ラストワンマイル協同組合の専務理事、塚原淳氏は、設立の想いについて次のように述べる。
「同組合を結成した運送会社は、かつて大手運送会社3社(ヤマト運輸・日本郵政・佐川急便)さんの下請けとして個人宅向けの宅配の荷物を配送していたり、法人向けに専門に配送をしていたりしていました。EC需要を背景に、宅配の荷物がどんどん増えている中、配送したいと思っても、3社の下請けでないと配送できない状況でした。そこでなんとか自分たちで配送できないかと考えて立ち上がったという経緯があります」
●ラストワンマイル協同組合の特徴
塚原氏は、顧客である荷主に対するアピールポイントとして、3つを挙げているという。
「同組合では、低運賃で出荷でき、なるべく集荷の制限はしないようにするほか、お客様対応のコールセンターや、梱包、資材、出荷(3PLロジスティクス)、専用伝票、オリコン便、置配便などの付帯業務の相談が可能な点の3つを掲げています」
●ローコストキャリア宅配便が実現できている背景
そもそも、なぜローコストキャリアを実現できているのか。塚原氏の話によれば、主に「荷主と物流の工程を分担している」ことがあるという。
通常は、「受付から集荷、仕分、横持ち(運搬)、仕分、配送」までの一連の作業を、配送業者がワンストップで担っている。一方、同組合はこの工程を荷主と分担することにより低運賃を実現している。
例えば、荷主が集荷を依頼せず、営業所別にあらかじめ荷物を仕分けして、各営業所に自ら持ち込む。これにより「受付・集荷・仕分」が省略され、通常よりも低運賃での配送が実現できるという。
●独自性配送物流が直販時代の一つの選択肢に
現在、モノが売れない、人口減少などの社会的背景から、少しでも利益を出すために、卸売店や小売店を介さないECによる「直売」形態に移行が進んでいる。そうした中、荷主がサービスの向上及び物流の満足を獲得するには、「物流の共存」が今後のテーマになってくると塚原氏は述べる。そこで、荷主が物流委託運送会社に求めることは大きく3点が挙げられるという。

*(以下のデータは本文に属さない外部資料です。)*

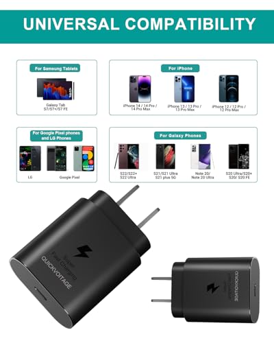 USB-C Compatibility – One of the standout features of this samsung charger plug is its universal compatibility, which works perfectly for for Samsung Galaxy S25,S25 ultra s24 s24 ultra,S24 FE S23,S23 Ultra,S23+,S23 FE,S22,S22+,S22 Ultra,S22 FE,S21,S21+,S21FE,S21 Ultra,S20,S22 FE,S20 Ultra,S10,S10e,S10Lite,S10+,S10E,S9,S9+,S8,S8+,s6,s7,S7 EDGE,Note 20, Note 20 Ultra, Note 10, Note 9,A6,A7,a9,A10,A10E A12,A13,A14,A14 A15 A16 A20,A21 A20S,A20E,A21S,A22,A23,A24,A25, A26, A40,A41,A42, A30,A31,A32,A33,A34,A35,A36,A56,A55,A54,A53,A52,A51,A50,A52S,A05S,A73,A72,A71,A70,A05S,A04s,A03s,M14/M15/M33/A34/M35/M53/M54/M55,F54,F14,F23,Z Flip3/4/5,Z Fold2/3/4/5 Tablet,Air/Mini

「荷主様にとって、『1.運賃の安定化』はやはり必要です。実際、大手配送会社の3社さんだけでなく、同組合にも配送を委託することで、ある意味、運賃値上げなどがあったときの保険にしていただいているケースもあります。また、『2.ビックデータの保護』、つまり個人情報等のセキュリティの保護や、『3.独自性のある物流が構築できるか』。この3つが荷主様に選ばれる物流委託運送会社としては重要だと同組合では思っております」
同組合では、他社共同の配送物流の独自性配送物流の仕組みを構築している。立川ハブセンターに集められた多くの荷主の荷物を、13か所の地区デポに配送し、さらに組合員が持つ46か所配送センター別に仕分けをしてトラックに複数の荷主の荷物を混載して配送することで、密度濃く効率的に配送できるようになっている。
●今後の計画と展望
塚原氏は、今後の計画と展望について次のように述べる。
「今後の展望は、エリア拡大と荷主の会社数を増やしていくことです。ちょうど4期目が終わったところですが、前年比280%くらいになりました。4期目から5期目は、350~400%くらいになるのではないかと見込んでいます。このペースで荷物が増えていくと、新しい組合員を増やさなければ配送しきれなくなってしまうので、組合員となる運送会社さんを増やしていきたいです。現在は47社ですが、今後、3年後、5年後には100社くらいになるのではないかと思っております」
置き配サービス「OCCO(オッコ)」輸送費を約10%削減
続いては、2020年8月に誕生したシェア型LCC(ローコストキャリア)宅配サービス、株式会社LOCCOが手がける「OCCO(オッコ)」だ。
同社は、物流企業であるセイノーHDのココネットと、通販企業のフェリシモ、システム開発企業のNL PLUSの3社が協働し、物流企業が抱える課題解決を目的に設立された。物流クライシスを受け、宅配運賃の大幅値上げなどを背景として、フェリシモは自ら荷物を届ける仕組みをセイノーHDとNL PLUSに協力を仰いだ。「人と人をつなぐトロッコになりたい」という願いから「LOCCO」を社名にし、「OCCO」は「置くだけ」、つまり置き配を意味しているという。
配送は、セイノーの幹線輸送を利用し、置き配による再配達削減により、既存の宅配業者よりも安価かつ安全に届ける。置き配完了後は届け先にメールで配達完了画像を送るサービスを備えている。
●OCCOがローコストキャリアを実現できている背景
LOCCOの広報担当、川﨑氏は、OCCOがローコストキャリアを実現できている背景について次のように述べる。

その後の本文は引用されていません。